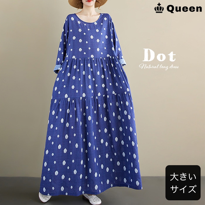 手描き風ドットティアードマキシワンピース (15023)
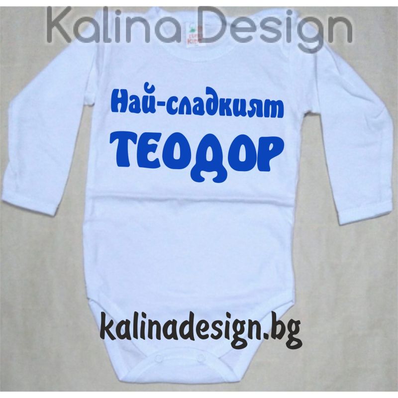 Бебешко боди дълъг ръкав със забавен надпис: Най-сладкият Теодор!
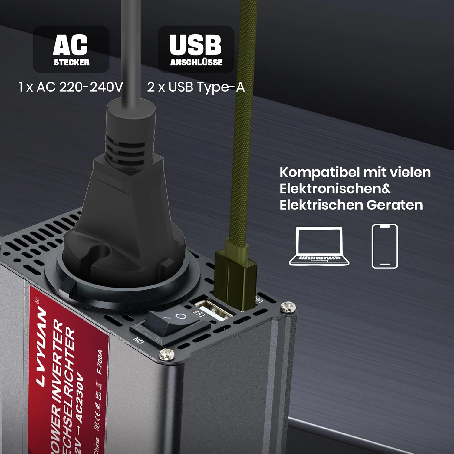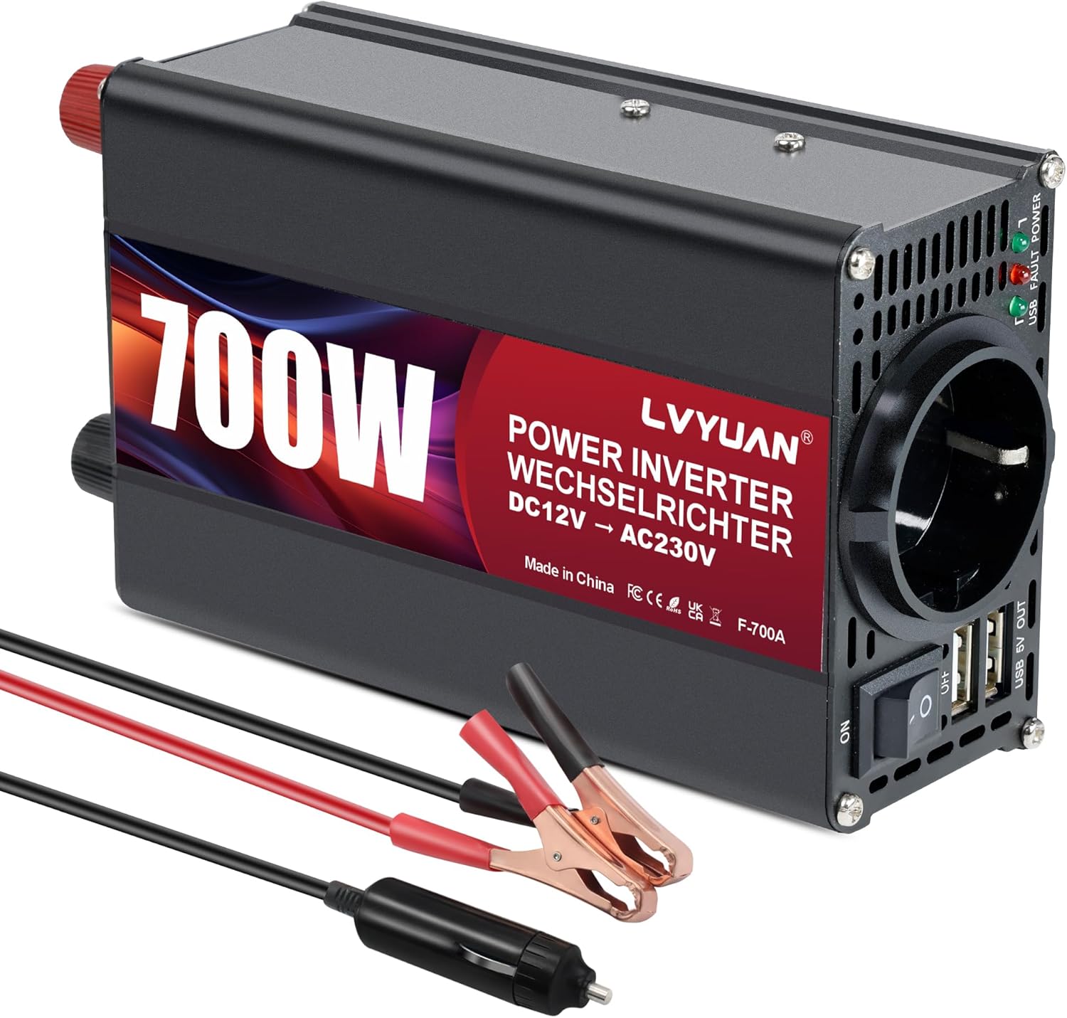 - Ausgangsleistung: 500 W, Spitzenleistung: 700 W (< 10 ms), modifizierter Sinuswellen-Wechselrichter 12 V auf 230 V
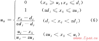 式中:uj為最大界限值,dj為最小界限值(下同)。
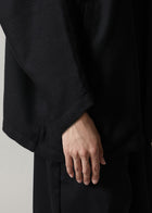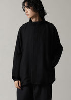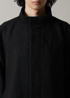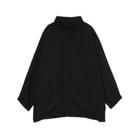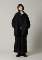 存在感のあるスタンドカラーは、前を閉めて衿を立てて着用するとモードな雰囲気に。フロントを開けて着用すると、首周りに抜け感がうまれすっきりと着用いただけます。
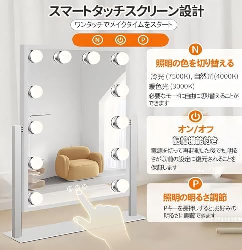 【三段階調色&無段階調光】ワンタッチでライトをオンオフし、電球色・白色光・自然光といった照明モードも簡単に切り替え可能です。朝や夜など暗い時間帯でも、気軽にメイクを楽しむことができます。無段階の色温度調整も可能で、タッチを続けることでお好みの明るさに自由に変更できます。
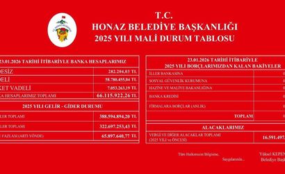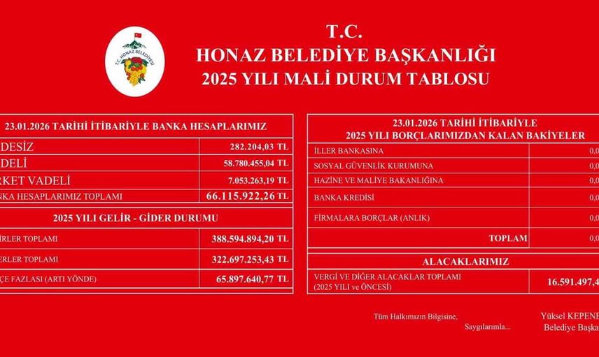 Mali tablomuza göre; belediyemizin banka hesapları düzenli ve güçlü bir yapıdadır. Kamu kurumlarına ve bankalara herhangi bir borcumuz bulunmamaktadır. 2025 yılı bütçemiz 65 milyon 897 bin 640,77 TL fazla vermiştir. Göreve geldiğimiz günden itibaren Belediyemiz’in öz kaynakları ile toplamda 865 milyon TL yatırım yaptık. Honaz’ın her kuruşu, yine Honaz için; hizmete, yatırıma ve geleceğe harcanmaktadır.

========================================================================

EXERCISE »
Omit the pictures, then output every record exactly as given.

YOUR SOLUTION »
 手描き風ドットティアードマキシワンピース (15023)
 Бебешко боди дълъг ръкав със забавен надпис: Най-сладкият Теодор!
 - Ausgangsleistung: 500 W, Spitzenleistung: 700 W (< 10 ms), modifizierter Sinuswellen-Wechselrichter 12 V auf 230 V
 式中:uj為最大界限值,dj為最小界限值(下同)。
 存在感のあるスタンドカラーは、前を閉めて衿を立てて着用するとモードな雰囲気に。フロントを開けて着用すると、首周りに抜け感がうまれすっきりと着用いただけます。
 【三段階調色&無段階調光】ワンタッチでライトをオンオフし、電球色・白色光・自然光といった照明モードも簡単に切り替え可能です。朝や夜など暗い時間帯でも、気軽にメイクを楽しむことができます。無段階の色温度調整も可能で、タッチを続けることでお好みの明るさに自由に変更できます。
 Mali tablomuza göre; belediyemizin banka hesapları düzenli ve güçlü bir yapıdadır. Kamu kurumlarına ve bankalara herhangi bir borcumuz bulunmamaktadır. 2025 yılı bütçemiz 65 milyon 897 bin 640,77 TL fazla vermiştir. Göreve geldiğimiz günden itibaren Belediyemiz’in öz kaynakları ile toplamda 865 milyon TL yatırım yaptık. Honaz’ın her kuruşu, yine Honaz için; hizmete, yatırıma ve geleceğe harcanmaktadır.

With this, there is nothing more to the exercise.